Last month I was in serious need of some R&R before I joined the workforce permanently. It was the perfect time to visit my parents where they live in the Netherlands, for a European holiday.
Almost all the following photos were taken by my sister Elisabeth. At least all the good ones are hers.
The majority of the trip was centered around good food and good beer, but we did a fair amount of exploring, especially on a four-day jaunt over to Deutschland. It was awesome to be back in Europe after almost seven years, and touring by car and experiencing more of the day-to-day activities gave me a fresh perspective.
As we headed to Nijmegen by train, The first thing I noticed was how flat the Netherlands is. I knew it was flat, but it is another thing to see the endless fields and orderly rows of trees. The highest points of land seemed to be mainly dykes and highway bypasses.
The trip got off to a nice leisurely start. I went for a bike ride with my Dad and got a feel for the Dutch lifestyle. Every one of the Dutch owns several bikes, and usually get their first bike around 5 years old. No one wears a helmet, which astounded me. Another major change is that bikes have the right of way over pedestrians and cars, so almost everywhere the cars must yield at rotaries. Coming from biking in Boston this was unsettling–more than once I hit my brakes inadvertently.
Wijchen, where I was staying, being a very Dutch town, has both a castle and a mill.
On the 18th I went for a walk in the woods. There aren’t many forested areas in the Netherlands, at least around Nijmegen, and I was struck by how young the trees were. The trails were wide, sandy and flat, yet still about as close to hiking as you can get without leaving the country. Many of the Dutch were biking on the extensive scenic trail network that connects most of the cities and towns in the Netherlands. Whereas around town most bikes have internal hubs and are more of a comfort style with upright handlebars, out in the woods I saw bikes more common in the US, with derailleurs and drop bars.
That Saturday we drove off to south-western Germany to visit friends nearby Heidelberg. They were kind enough to put us up at their house and show us around. That evening I had the pleasure of enjoying my first Germany beer of the trip in Schwetzingen at the Brauerei zum Ritter. Though there aren’t tons of different hoppy microbrews like in the US, the Germans know how to make a great hefeweizen.
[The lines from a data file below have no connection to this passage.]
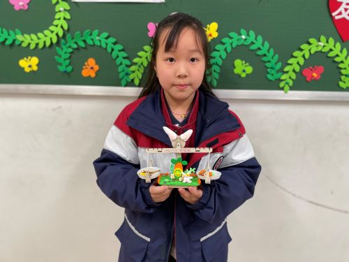 做好天平后,朱维妮在底座上捏出个童话小王国,用色彩鲜艳的超轻粘土装饰成兔子花园,丰收了,小兔子就可以利用天平,收获她的花朵和胡萝卜了。
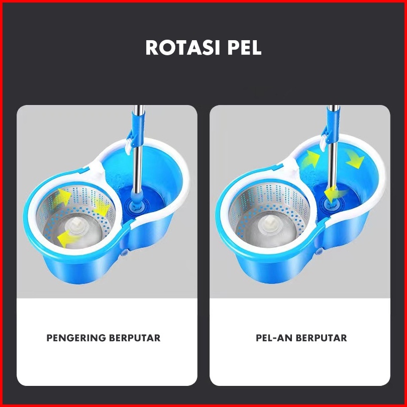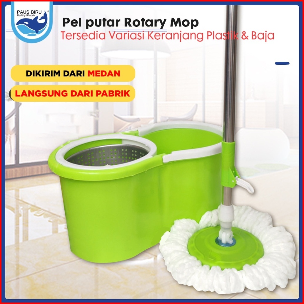 Paus Biru Medan - Set Alat Pel Lantai Stainless Super Mop Dengan Ember Pencuci Putar Rotary Mop 360
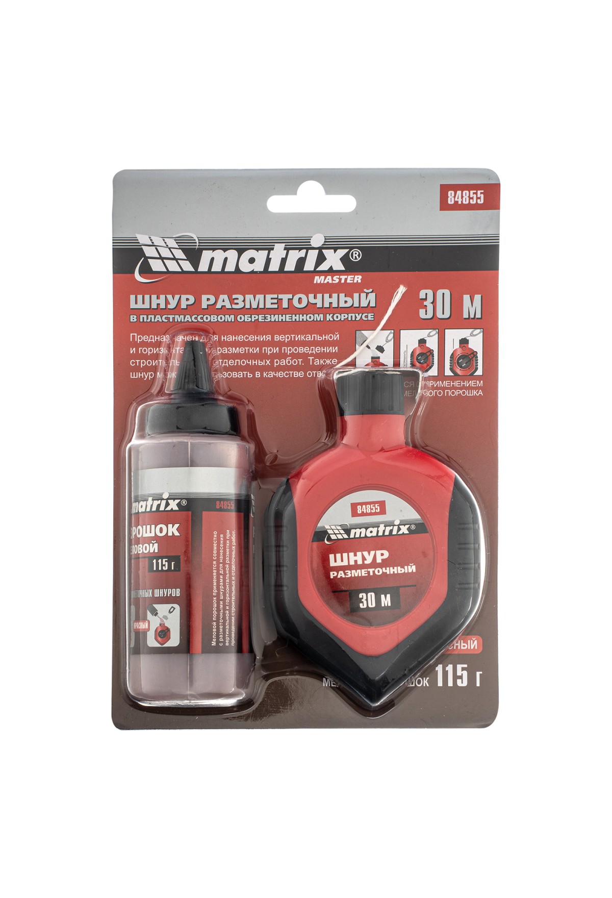 Разметочный шнур Matrix 84855 в пластмассовом обрезиненном корпусе, поставляется с красным порошком и используется для построения прямых разметочных линий на горизонтальных и вертикальных поверхностях. Используется во время проведения строительных и ремонтно-отделочных работ.
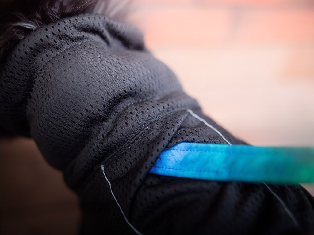 Síťovaný obleček pro psy BAY je navržen tak, aby obepínal tělo psa, ale také aby umožňoval optimální volnost pohybu. Toho je dosaženo přiléhavým střihem kolem stehen a hrudníku. Vzhledem k tomu, že tato verze je určena pro psy s nízko nasazeným ocasem, má zavinovací střih vpředu i vzadu, což ponechává prostor pro pohyb nohou a ocasu.
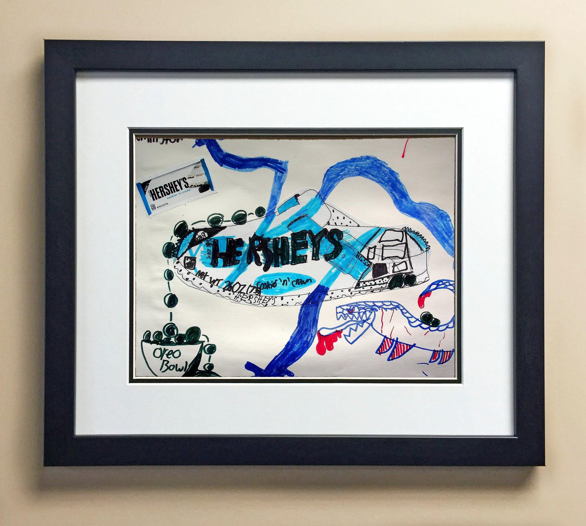 Included with the purchase is the Students Artwork, Frame, double matboard, shatter proof plexiglass, and a ready to hang backerboard with turnbuttons
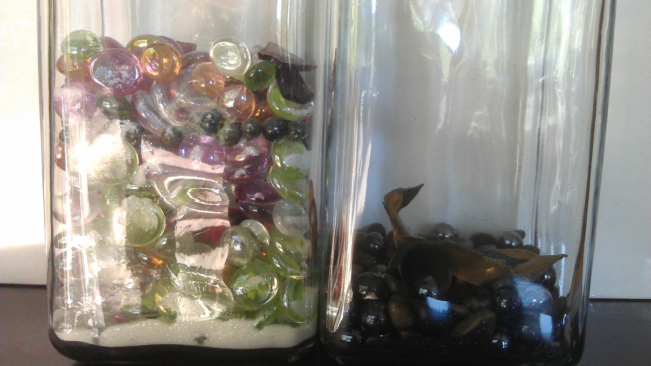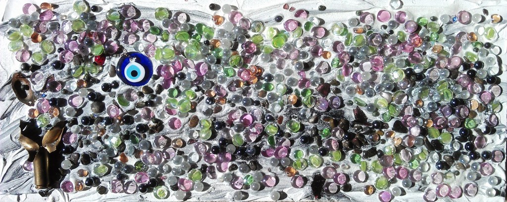 I was in a rough place emotionally when I started this blog 10 years ago. At the same time I started this blog, I started an art project on the theme of perspective and experience, and the subjective nature of memory vs lived experience. I used two large glass containers, and into one I dropped dark stones, black glass “pebbles” and mementos of sorrow or grief, and small amounts of black glitter representative of darker moods. Into the other, I dropped light colored glass “pebbles”, glow glitter, and things reminiscent of joy and day-to-day moments of pleasure. Not so much “good vs bad” as pleasant vs unpleasant. I wanted to gauge “how bad is it really?” in some visible way. I kept it going until I was ready to create “Perspective” on canvas, some 6 months later.

A very German, but inexpensive dish. Meats, including Saumagen…which is meat cooked in cow’s stomach. And of course sauerkraut.
The Neckar river valley near Heidelberg where we were is very picturesque, almost exactly as I remembered it. There are many Roman ruins dating back to before the common era. We hiked around some walking trails that were part of the Kunst weg (Art trail). It’s incredible that the Roman watch towers built as early as 1100 are still standing.
We visited Koblenz on our way back to Wijchen, a city that both my sister and I had been to on our Germany exchanges. However, this was the first trip my family has been overseas together in many years. In Koblenz is the Deutsches Eck, where the Mosel joins the Rhein, and the site of an enormous statue of Emperor William I, as well as several pieces of the Berlin wall. It’s quite a tourist attraction, but also a cool place to check out. Besides the statue, the surrounding monument stands as an aspiration for German unity since the country was divided, then reunited.
Unfortunately the trip was over all too quickly. We spent a bit more time in Wijchen and also an afternoon in Nijmegen. Anyone who has seen the movie “A Bridge Too Far” might recognize the Nijmegen bridge that is crossed on the way to the Arnhem “bridge too far”. The movie depicts Operation Market Garden, an unsuccessful Allied incursion during World War II.
We took the train to Amsterdam the Sunday before we left. We managed to go on one of the several Dutch holiday weekends in May, and it was pretty busy. Again I was surprised that no one even in the city wore a helmet while biking–the bike lanes didn’t seem nearly as safe on the narrow streets packed with tourists not watching where they were going.
We took the obligatory boat tour, which gave us a quick overview of the city and its history, then decided to head for the Heineken brewery tour. On the way we passed many of the famed Dutch “coffee shops”. The brewery, though no longer in use, was pretty cool, and Heineken did everything they could to teach you, not just about their beer, but about their company’s advertising. Even so the beer was tasty and the motion ride in the POV of a beer was unique. We were near the I Amsterdam statue afterwards, so we headed to the museum park to see it. Although Amsterdam was interesting, it wasn’t really for me partly due to the number of other tourists we encountered.
We spent the last day in Xanten, the only Germany city that begins with X. Next to the city is the excavated Roman town of Colonia Ulpia Traiana. The town was active between the years ~70-400 mainly to support a Roman military base. At one time 2 of the 28 Roman legions were stationed in CUT (Xanten), which accounts for around 10,000 soldiers. Though there were bits of the city, including a restored Amphitheater, the highlight was the museum with Roman weapons, tools and preserved baths excavations.
I don’t think Xanten is a typical American tourist location, since I believe we were the only ones speaking English there, although all the information was in several languages.
I’m already making plans to return for a different sort of trip next winter, so I’ve got a few months to brush up more on my German.